On Monday, the Supreme Court heard arguments in the affirmative action cases against Harvard and the University of North Carolina. The Court will issue its decision next year, but if it goes the way that many predict, we may finally see the end of racial preferences in college admissions. If that happens, it will become much more difficult for universities to rig their admissions processes in order to increase “diversity” (i.e., more black students) at the expense of merit (i.e., more qualified students, whatever their race).
This has been a long time coming. The Court will make its decision on the merits of the arguments, but it seems to both John and me that this case exemplifies broader trends in the culture. The tide is turning against nonsensical “anti-racist” doctrines pedaled by hustlers cloaked in the borrowed finery of intellectual respectability and moral authority. Their ideas have done nothing but exacerbate racial tensions, distracting us from real problems that threaten the stability of the US. As John says, more and more people now recognize the empty rhetoric of so-called racial justice for what it is.

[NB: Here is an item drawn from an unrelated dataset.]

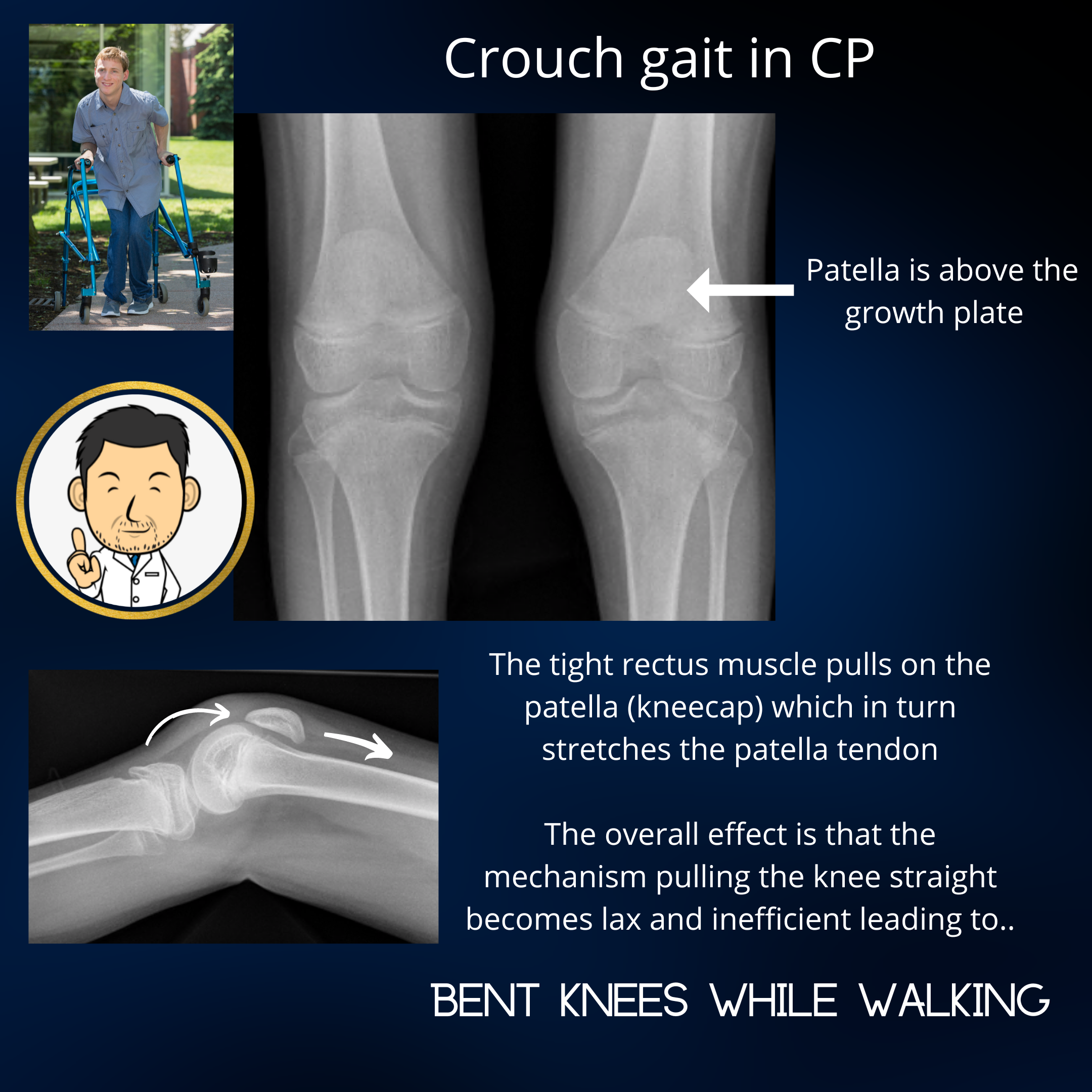 - Patella tendon distalisation (see case below) - Important to be aware that the flexed knee doesn't primarily develop because the hamstring flexor muscles are too tight. Rather it is the converse situation - the quads muscles on the front have become "baggy" and redundant. Imagine a rope infront of the knee that is taut when pulling the knee straight. Now imagine what happens when you give the rope a bit of slack. Pulling on it will transfer some force to making the knee straight but likely will not produce complete knee straightening because of the redundancy. It is the same phenomenon in the flexed knee in Cerebral palsy - the quadriceps muscle on the front of the knee has become stretched out, "baggy" and redundant. Studies support the observation that restoring the normal length tension relationship of the quadriceps muscle is more important than making the knee straight. I usually undertake surgery to re-tension the quadriceps mechanism by re-attaching the tendon downstream or by transferring it's bony attachment further down the tibia.

All that remains is for these people to act on what they know to be true.
Easier said than done. Reasonable people who abhor racism but oppose the DEI hustle can still face negative consequences for speaking out. It is therefore incumbent on John, me, and everyone else who can do so to signal to these people that they are not alone. The spiral of silence that has prevented moderates who simply want fair policies in schools and workplaces from making their views known is, I believe, finally unraveling. It won’t continue to do so on its own, so we need to keep pushing. And I have no intention of stopping until the job is done.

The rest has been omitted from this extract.